Industry-wide Approach Needed

SARATOGA SPRINGS, N.Y. – Racing needs to devise an “industry-wide approach” to funding and operating post-retirement programs for racehorses so that all facets of the sport contribute to the effort, several officials who spoke at the Saratoga Institute on Racing and Gaming Law conference on Tuesday said.

The officials, who run post-retirement placement programs at lower- or middle-tier tracks, said that they currently bear a greater burden for finding homes for retired racehorses than their larger counterparts because of the greater proportion of near-retirement horses that typically perform at their tracks. As a result, the tracks are usually placed under greater scrutiny than larger tracks, even while having fewer resources to devote to their post-retirement programs.

“Since we’re often the last stop, we’re considered to be more responsible,” said Chip Tuttle, chief operating officer of Suffolk Downs in East Boston, in an interview following a presentation about the track’s efforts to ensure that horses retired off the track find homes. “I don’t want to sound like we’re complaining, because we’re committed to our own effort, and we believe in it. But some states and some jurisdictions are clearly doing more than others, and I think we need an industry-wide solution to stretch the economic burden more proportionally.”

Tuttle and others spoke Tuesday at the law conference during a day-long program devoted to horse-welfare issues. The conference was to continue Wednesday with a program dedicated to casino-gambling issues in the state.

The comments from officials who spoke during the program highlighted the hodgepodge array of organizations that are attempting to address an issue that has become a cause célèbre both inside and outside the racing industry. Currently, many racetracks operate individual post-retirement programs, in some cases because tracks are required to have an affiliation with aftercare organizations as a condition of a voluntary accreditation program, but also in many cases because the industry is rapidly responding to concerns about the fate of its retired athletes. Those programs also strike relationships with a smattering of individual offtrack retirement programs with their own funding sources.

Funding for the ontrack programs is usually provided through a combination of assessments on racing participants and contributions from tracks and horsemen’s organizations. Those contributions, however, are usually insufficient to provide funding for a horse’s retirement, so the organizations focus on finding adoptive homes for retired animals.

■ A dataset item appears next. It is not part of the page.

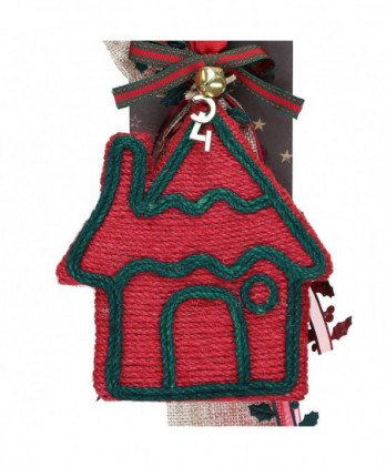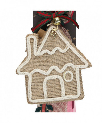 Χειροποίητο γούρι με ένα σπίτι από ξύλο τυλιγμένο με κόκκινο σκοινί γιούτας. Συνδυάζεται με μεταλλικά στοιχεία, κουδούνια και πανέμορφες κορδέλες σε κόκκινο και χρυσό που προσθέτουν λάμψη και πολυτέλεια.

“Our funding is always a problem,” said David Brown, president of the Finger Lakes Horsemen’s Benevolent and Protective Association, which runs a placement program that can provide transition space for only 18 horses at a time. “We never have enough money. We are not large enough, nor financially stable enough,” to take any horse that retires off the track, so some horses slip through the program’s cracks.

Several organizations are seeking to involve a larger number of industry participants in providing funding for post-retirement programs, including the recently formed Thoroughbred Aftercare Alliance. Those efforts will likely extend soon to the breeding industry and the auction industry, which do not have any programs that require funding for retirement programs (the Jockey Club allows breeders to voluntarily contribute through an opt-in program attached to foal registrations).

“It’s time for everyone in the industry to step up and contribute to aftercare,” Mike Ziegler, director of the TAA, said during the conference. He called the efforts to involve all the facets as a way to “share the burden.”

Kraig Kulikowski, a veterinarian and equestrian, said during a presentation on post-retirement programs that breeders should be required to contribute to post-retirement programs at the time that foals are registered, in part to provide adequate funding for the programs but also to discourage breeders from producing foals without considering and contributing to the costs of a horse’s long-term care.

“If your argument against this idea is economic because you do not want to put financial hardship on breeders and owners, your concern puts their wallet first and the horse’s welfare second,” Kulikowski said.

Tuttle and his family have taken in one of the retired Suffolk horses. He said it is costing his family $12,000 a year to care for the horse.

“We love him, and he’s a great horse,” Tuttle said. “But it’s not without its financial consequences.”